Element representation¶

class property element_repr : 'int' | 'poly' | 'power': The current finite field element representation.

classmethod repr(...) → Generator[None, None, None]: Sets the element representation for all arrays from this FieldArray subclass.

Arithmetic compilation¶

class property default_ufunc_mode : 'jit-lookup' | 'jit-calculate' | 'python-calculate': The default ufunc compilation mode for this FieldArray subclass.

class property dtypes : list[numpy.dtype]: List of valid integer numpy.dtype values that are compatible with this finite field.

class property ufunc_mode : 'jit-lookup' | 'jit-calculate' | 'python-calculate': The current ufunc compilation mode for this FieldArray subclass.

class property ufunc_modes : list[str]: All supported ufunc compilation modes for this FieldArray subclass.

classmethod compile(mode): Recompile the just-in-time compiled ufuncs for a new calculation mode.

Methods¶

additive_order() → int | numpy.ndarray: Computes the additive order of each element in \(x\).

characteristic_poly() → Poly: Computes the characteristic polynomial of a finite field element \(a\) or a square matrix \(\mathbf{A}\).

field_norm() → FieldArray: Computes the field norm \(\mathrm{N}_{L / K}(x)\) of the elements of \(x\).

field_trace() → FieldArray: Computes the field trace \(\mathrm{Tr}_{L / K}(x)\) of the elements of \(x\).

log(base: ElementLike | ArrayLike | None = None) → int | ndarray: Computes the discrete logarithm of the array \(x\) base \(\beta\).

minimal_poly() → Poly: Computes the minimal polynomial of a finite field element \(a\).

multiplicative_order() → int | numpy.ndarray: Computes the multiplicative order \(\textrm{ord}(x)\) of each element in \(x\).

Linear algebra¶

column_space() → Self: Computes the column space of the matrix \(\mathbf{A}\).

left_null_space() → Self: Computes the left null space of the matrix \(\mathbf{A}\).

lu_decompose() → tuple[Self, Self]: Decomposes the input array into the product of lower and upper triangular matrices.

null_space() → Self: Computes the null space of the matrix \(\mathbf{A}\).

plu_decompose() → tuple[Self, Self, Self]: Decomposes the input array into the product of lower and upper triangular matrices using partial pivoting.
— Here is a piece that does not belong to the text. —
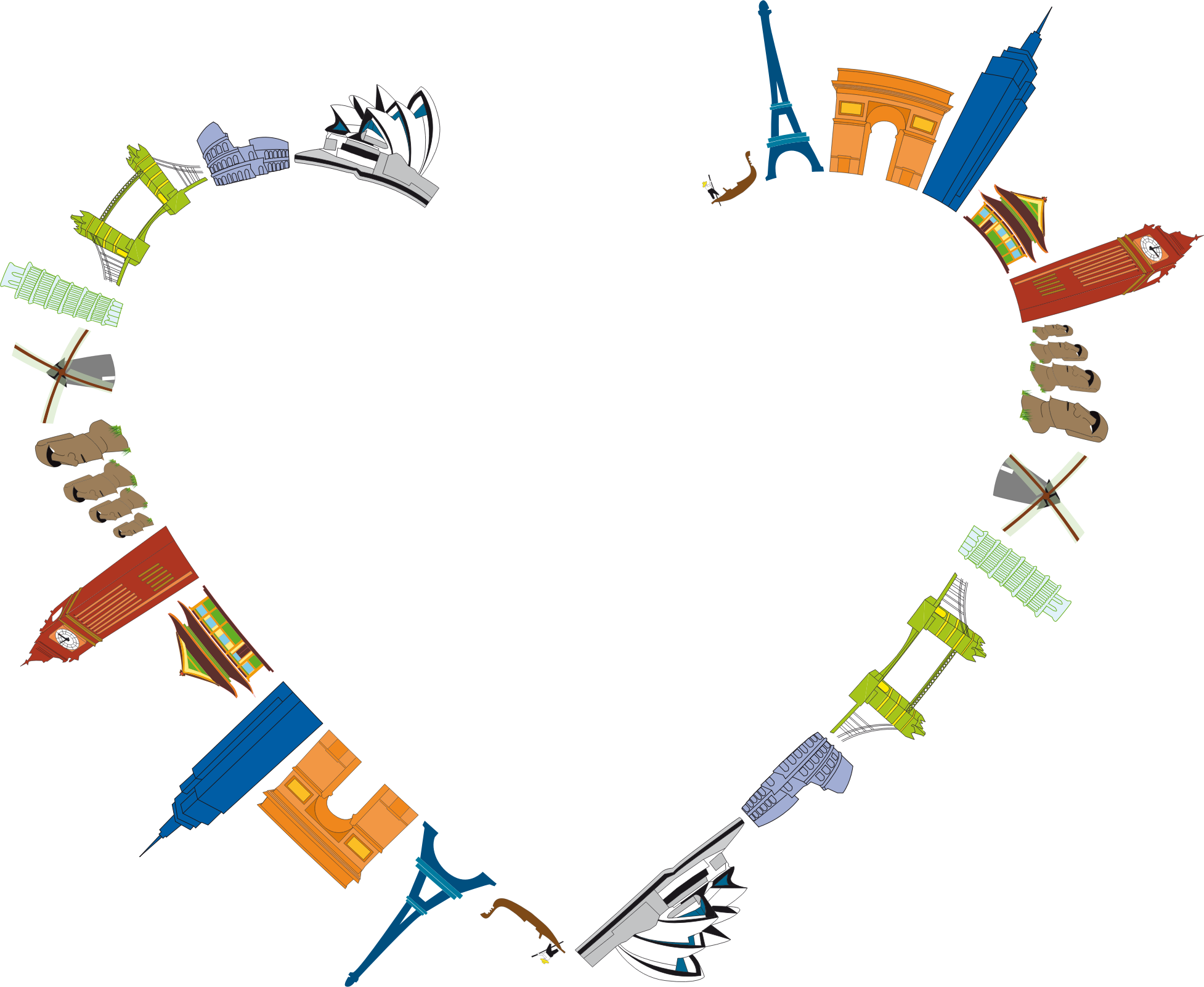 - remix+183441 Easter Island Rome Roman Coliseum Arc De Triomphe Atlanta Eiffel Tower Paris Iles De Paques Monuments Moulin A Vent Pisa Tower Triumphal Arch Windmill Moai Big Ben London Sydney Opera House Australia Venetian Gondola Venice Italy Tower Bridge Asian Chinese House Buildings Architecture Famous World International Historical History Frame Abstract Art Heart Love Romance Passion Valentine

row_reduce(ncols: int | None = None, ...) → Self: Performs Gaussian elimination on the matrix to achieve reduced row echelon form (RREF).
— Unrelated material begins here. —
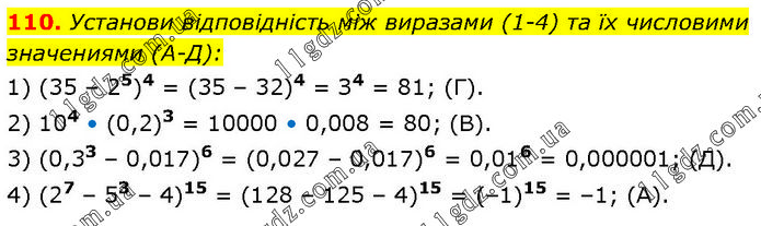 Установи вiдповiднiсть мiж виразами (1-4) та їx числовими значениями (А-Д): 1) (35 – 25)4 = (35 – 32)4 = З4 = 81; (Г). 2) 104 • (0,2)3 = 10000 • 0,008 = 80; (В). 3) (0,33 – 0,017)6 = (0,027 – 0,017)6 = 0,016 = 0,000001; (Д). 4) (27 – 53 – 4)15 = (128 – 125 – 4)15 = (–1)15 = –1; (А).

row_space() → Self: Computes the row space of the matrix \(\mathbf{A}\).

Properties¶

class property characteristic : int: The prime characteristic \(p\) of the Galois field \(\mathrm{GF}(p^m)\).

class property degree : int: The extension degree \(m\) of the Galois field \(\mathrm{GF}(p^m)\).
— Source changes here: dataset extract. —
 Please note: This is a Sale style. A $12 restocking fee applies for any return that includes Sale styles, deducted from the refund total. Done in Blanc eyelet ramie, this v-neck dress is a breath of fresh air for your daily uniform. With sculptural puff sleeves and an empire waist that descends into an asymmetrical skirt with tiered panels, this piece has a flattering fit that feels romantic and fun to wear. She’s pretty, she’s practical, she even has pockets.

class property irreducible_poly : Poly: The irreducible polynomial \(f(x)\) of the Galois field \(\mathrm{GF}(p^m)\).

class property name : str: The finite field’s name as a string GF(p) or GF(p^m).

class property order : int: The order \(p^m\) of the Galois field \(\mathrm{GF}(p^m)\).

class property prime_subfield : type[FieldArray]: The prime subfield \(\mathrm{GF}(p)\) of the extension field \(\mathrm{GF}(p^m)\).

Attributes¶

class property is_extension_field : bool: Indicates if the finite field is an extension field, having prime power order.

class property is_prime_field : bool: Indicates if the finite field is a prime field, having prime order.

class property is_primitive_poly : bool: Indicates whether the irreducible_poly is a primitive polynomial.

is_square() → bool | numpy.ndarray: Determines if the elements of \(x\) are squares in the finite field.